Using Python I'd like to scrape some information from a webpage and save the info to a .txt file named using the title of the page scraped.

Unfortunately many pages contain special characters that can't be used in file names, so ideally I want to extract the title you would get if you did file/save from a browser.

Is it possible to achieve this with BeautifulSoup or Selenium?

I can get the page title with soup, and then clean it, but if there is a more efficient way of getting the browser-cleaned title I'd love to know how.

EDIT:

So far I have achieved a workable result with the following code. I used YouTube as an example but really would prefer an all-purpose page-title retrieval in browser save format if possible.

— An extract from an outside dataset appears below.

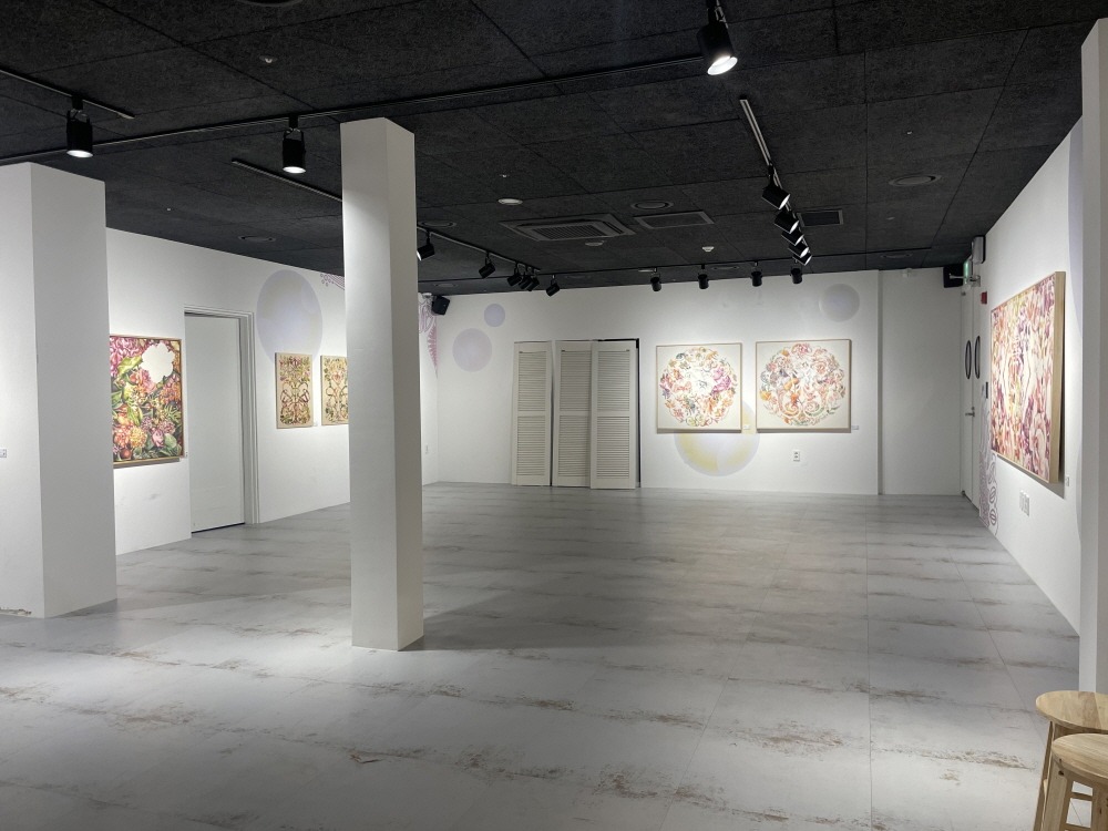 장소 : KT&G 상상마당 춘천 아트갤러리 3 (스테이 B1) - 전시소개 : 추운 겨울이 지나고 꽃이 피어나는 계절을 맞아 시작되는 이번 전시는 인생에서 가장 아름답고 행복한 순간을 표현하는 말, ‘花樣年華(화양연화)’를 테마로 기획되었습니다. 이번 전시에 함께하는 고은주 작가는 식물의 완전체로서 생명에너지의 원천이자 자연을 상징하는 꽃을 주제로 작업합니다. 작가는 임신과 출산 과정에서 겪은 자신의 경험을 작품에 담아 생명의 기원이자 완전체인 꽃으로 표현합니다. 작품 속에서 꽃은 여성의 인생과 모성이라는 큰 틀 안에서 다양한 형태로 피어나며 아름다운 자태로 그려집니다. 만개한 꽃은 새로운 탄생과 동시에 소멸을 상징하며, 아주 짧으면서도 복잡미묘한 감정을 느끼게 만들곤 합니다. 작가는 작업을 통해 아름답게 피어난 꽃의 이면에 숨겨진 인고의 세월과 생명을 틔우려는 의지, 생의 절정에서 가장 빛나는 자신을 스스로 내려놓는 어머니의 모습을 활짝 피어난 꽃으로 담아냅니다. 전시장을 가득 채워 화려하게 피어난 꽃들 사이를 거닐며 2023년의 시작을 기념하는 시간이 되었으면 합니다 작가노트 : 2007년부터 꽃을 통해 소외된 여성을 보게 되었고 꽃잎 이미지를 확대함에 따라 사회적인 개념의 여성에서 존재론적인 개념의 여성으로 시각의 전환을 이루게 되었다. 2012년 결혼을 앞두고 모성과 자아정체성 사이에서 겪던 갈등 그리고 생명의 본성으로의 모성본질의 재인식하고 수용하게 되는 과정을 거친다. 나는 이러한 갈등적 상황을 수용하고 해소하며 또 다른 새로운 생명의 열린 가능성을 만개한 꽃 위에 가변적인 물방울 이미지를 이용하여 표현한다. 그리고 2015년 임신을 통한 잠재적인 어머니 상태에 이르게 되면서 의식이 더욱 확장되었다. 신화에 등장하는 생명의 꽃을 차용하여 이러한 꽃과 물방울을 구분하지 않고 결합시켜 표현하게 된다. 꽃과 물은 순환적인 이미지로 생명을 잉태하고 재생하는 상징 갖는데 이를 결합함으로써 이러한 상징은 더욱 극대화된다. 이와 같이 모성의 인식의 변화는 나의 의식변화를 일으켰고 이는 작업에 자연스럽게 드러나게 된다. 나는 그 동안의 이러한 작업과정 거치면서 사회적인 여성의 개념에서 존재론적인 여성의 개념으로 시각의 전환을 이루고 생명의 본성으로서의 모성으로 재인식하게 되었다. 그 사상적 바탕이 되었던 모성의 개념은 기존의 남성/여성, 주체/타자, 지배자/피지배자로 나누어진 이분법적 사고에서 벗어나 일원론적인 관점에서 바라보는 한국사상과 관련된 생명의 본성으로의 모성의 개념이다. 이러한 나의 작업에서 꽃의 상징을 통한 모성성의 탐구는 여성의 존재의 탐구이자 동시에 인간 존재의 탐구인 것이다. (출처 = KT&G 상상마당)

Probably doesn't exist, but there's always hope.

import re
import mechanize

br = mechanize.Browser()
br.open("https://www.youtube.com/watch?v=RvCBzhhydNk")

title = re.sub('[^A-Za-z0-9]+', ' ', br.title().replace("YouTube", "")).strip()

print(title)
pglove
  • 133
  • 1
  • 9
  • 1
    Selenium does not have that feature, you have to get the title, then write simple logic to avoid the special characters or change the special characters to something else. – AbiSaran Oct 02 '22 at 14:09
  • Having an example website and target would be very useful. – Rivered Oct 02 '22 at 15:41
  • ...you could use something like [uipath](https://dev.tutorialspoint.com/uipath/uipath_studio_recording.htm#) to have it nearly save a page and get the name, but that would be an insanely convoluted and inefficient process just to get a name – Driftr95 Oct 03 '22 at 16:25

1 Answers1

1

I'm afraid I don't know of any "all-purpose page-title retrieval in browser save format", but what you're doing so far is not too bad (though I particularly prefer the method suggested in this answer and its comments from @hardmooth and @AlexKrycek).

You can always save it as a little function if you'll be needing it often and use something like urlparse or tldextract to get the domain if you'll be using sites other than YouTube as well.

So something like:

# import tldextract

def cleanPageTitle(origTitle, pageUrl):
    domain = tldextract.extract(pageUrl).domain
    cleaned = "".join([
            x for x in origTitle if (x.isalnum() or x in "._- ")
        ]).replace(domain, "")
    return cleaned

so that you can just call as

title = cleanPageTitle(br.title(), "https://www.youtube.com/watch?v=RvCBzhhydNk")
Driftr95
  • 4,572
  • 2
  • 9
  • 21